Prove $3(x+y)(x+z)(y+z)\neq a$ cubic when $x,y,z$ are different co-primal positive integers

Question

Prove $3(x+y)(x+z)(y+z)\neq a$ cubic when $x,y,z$ are different co-primal positive integers.

I believe you can look at the prime factors of $x,y$ and $z$. As for the equation to equal a cubic, the prime factors must all be present in multiples of $3$'s.

Answer 1

What you're asking to prove is not always true. One specific counter-example, among infinitely many, is

$$x = 19 \tag{1}\label{eq1A}$$

$$y = 324 = 2^2 \times 3^4 \tag{2}\label{eq2A}$$

$$z = 4\text{,}589 = 13 \times 353 \tag{3}\label{eq3A}$$

These are all distinct, co-primal positive integers.
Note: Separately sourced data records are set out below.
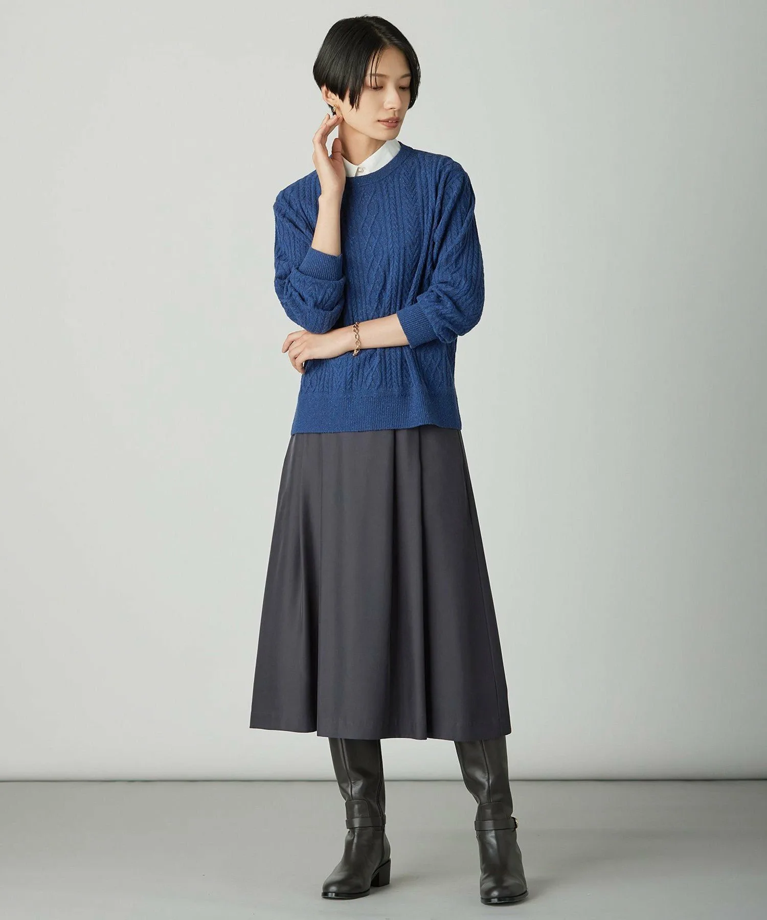 Этот вязаный свитер с круглым вырезом и косами отличается эффектным, смешанным дизайном, идеально подходящим для осени и зимы. Дизайн: Этот свитер с круглым вырезом и косами отличается классическим, но эффектным дизайном. Сохраняя четкий силуэт, трехмерный узор добавляет тепла и элегантности. Он дополняет как традиционные, так и женственные наряды, позволяя создавать разнообразные образы. Доступен в трех цветах: приглушенный светло-серый (#003), натуральный и мягкий бежевый (#033) и изысканный синий (#070). Материал: Эта ткань представляет собой смесь шерсти и шелкового непа, что создает привлекательный смешанный вид. Роскошная текстура шелкового непа дополняет гладкое, нежное прикосновение вискозы, создавая элегантную и комфортную текстуру.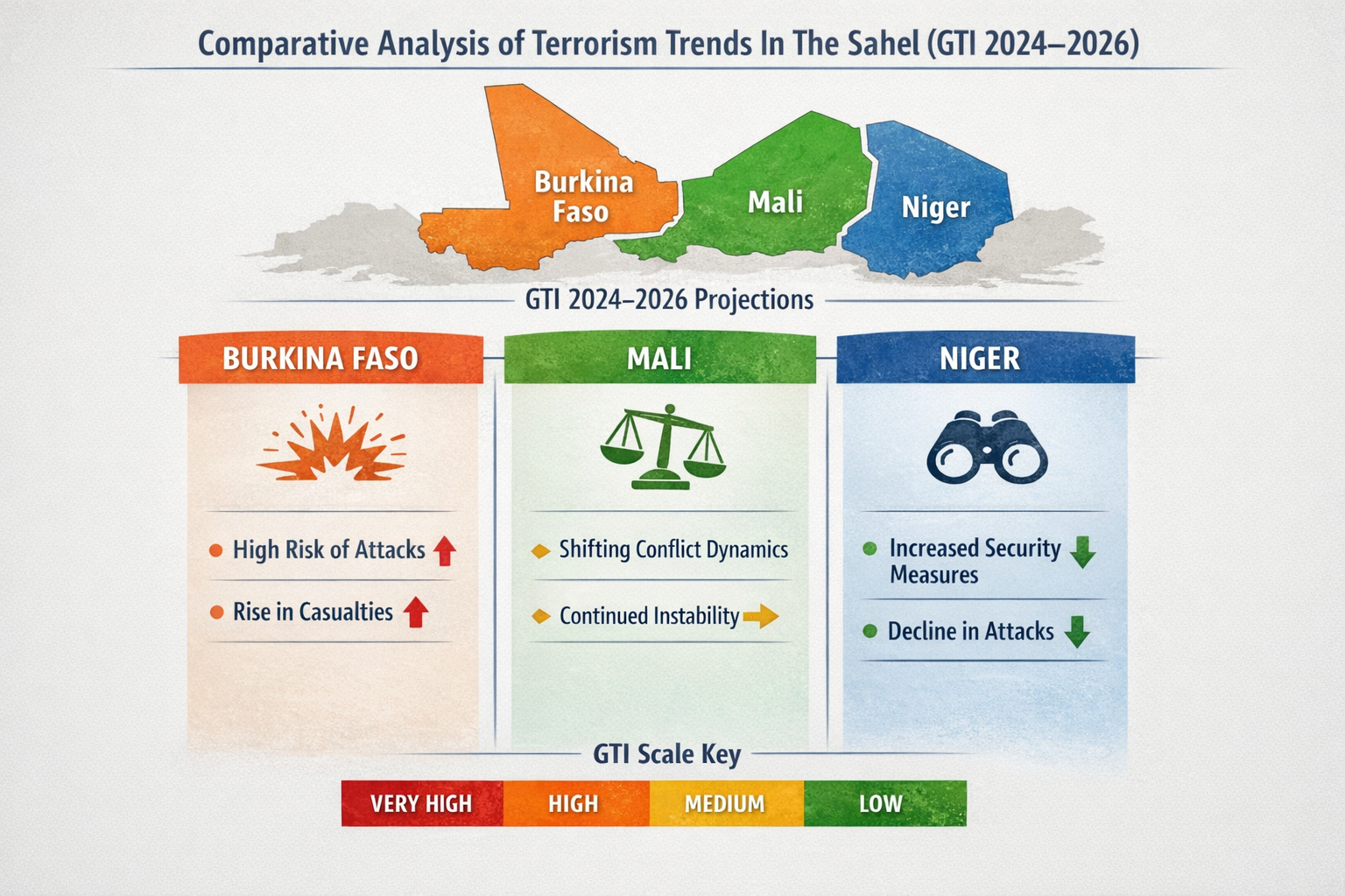 The comparative analysis of GTI 2024–2026 reveals a transition from expansion to fragile containment of terrorism. While the overall number of attacks and deaths has declined, the threat has become more concentrated, structurally embedded, and regionally complex. The Sahel remains the epicentre of global terrorism, and the persistence of underlying drivers such as weak governance and economic hardship suggests that recent gains may not be sustainable. Without sustained investment in governance, development, and international cooperation, there is a significant risk that terrorism could resurge in the coming years (Institute for Economics & Peace, 2024; 2025; 2026).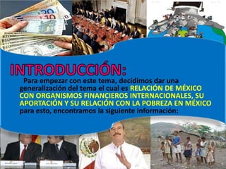 Este documento describe las relaciones de México con varias organizaciones financieras internacionales como el Banco Mundial, el Fondo Monetario Internacional y el Banco Interamericano de Desarrollo. Señala que aunque estas organizaciones reconocen las dificultades de México y le han brindado apoyo, sus acciones no han sido suficientes para establecer medidas que permitan el verdadero crecimiento del país. Debido a las altas deudas y intereses, México en realidad ha estado trabajando más para pagar sus deudas que para su prop

You next have

$$x + y = 343 = 7^3 \tag{4}\label{eq4A}$$

$$x + z = 4\text{,}608 = 3^2 \times 2^9 \tag{5}\label{eq5A}$$

$$y + z = 4\text{,}913 = 17^3 \tag{6}\label{eq6A}$$

This gives

$$\begin{equation}\begin{aligned} 3(x + y)(x + z)(y + z) & = 3(343)(4\text{,}608)(4\text{,}913) \\ & = 3(7^3 \times (3^2 \times 2^9) \times 17^3) \\ & = (2^3)^3 \times 3^3 \times 7^3 \times 17^3 \\ & = (8 \times 3 \times 7 \times 17)^3 \\ & = (2\text{,}856)^3 \end{aligned}\end{equation}\tag{7}\label{eq7A}$$

Are there perhaps some other required conditions which were not mentioned?